From Northern Ireland Secretary Sir Patrick Mayhew, from Irish Foreign Minister Dick Spring, from John Hume, leader of the SDLP (Social Democratic and Labour Party) constitutional nationalists, we had a combination of messages which has become nauseatingly familiar. Ritual condemnation of each atrocity is followed by the claim that each such deed "Iends urgency" to the resumption of talks and to "the quest for a political solution in Northern Ireland."
Such statements represent a flight from the harsh reality of terrorism and the need to fight it here and now.
The dominant political wisdom, during more than twenty years of unrelenting terrorism, is that patient negotiations will eventually lead to a political solution, which in turn will "isolate the men of violence" and so render them harmless.
The Anglo-Irish Agreement of 1985 was supposed to have benign effects of this kind. It didn't. IRA violence became even more audacious and spectacular, and the Loyalists, feeling themselves betrayed, prepared for their own campaign of violence, which erupted last year.
Spiraling Violence
Indeed, the quest for a non-existent political solution in Northern Ireland actually stimulates the violence by playing on the conflicting hopes and fears in both communities.
The reality is that Northern Ireland is ruled directly from London, a state of affairs that is unlikely to change in the foreseeable future.

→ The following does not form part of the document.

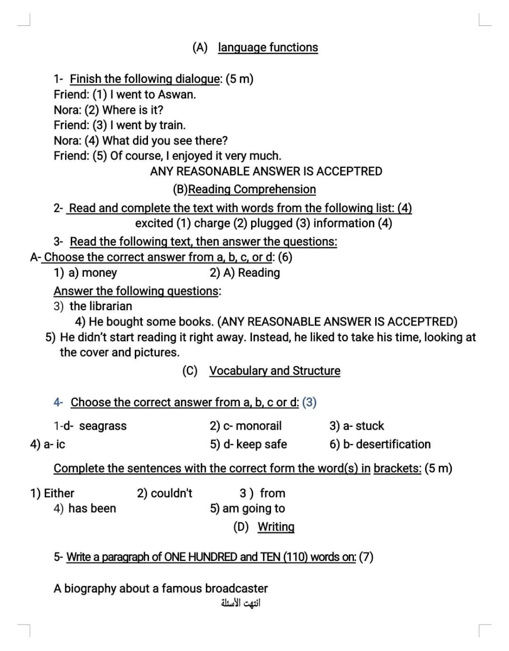 تعليم القاهرة تنشر إجابة نماذج البوكليت في اللغة الإنجليزية لطلاب الشهادة الإعدادية

It is not ideal but it is the only framework that both communities there find tolerable. Unionists don't care for it but far prefer it to any form of United Ireland. Nationalists don't care for it but far prefer it to any form of majority rule (i.e., by Unionists) in Northern Ireland.
But if direct rule is to be respected and not merely tolerated it has to discharge unflinchingly the most basic responsibility of any government - the protection of the lives and limbs of law-abiding citizens. That has to be done in a concrete way, by an adequate response to terrorism as it is committed. No realistic government can leave these matters to be attended to by some future arrangements, which are to be imagined as possibly resulting from long-bogged-down talks between present adversaries.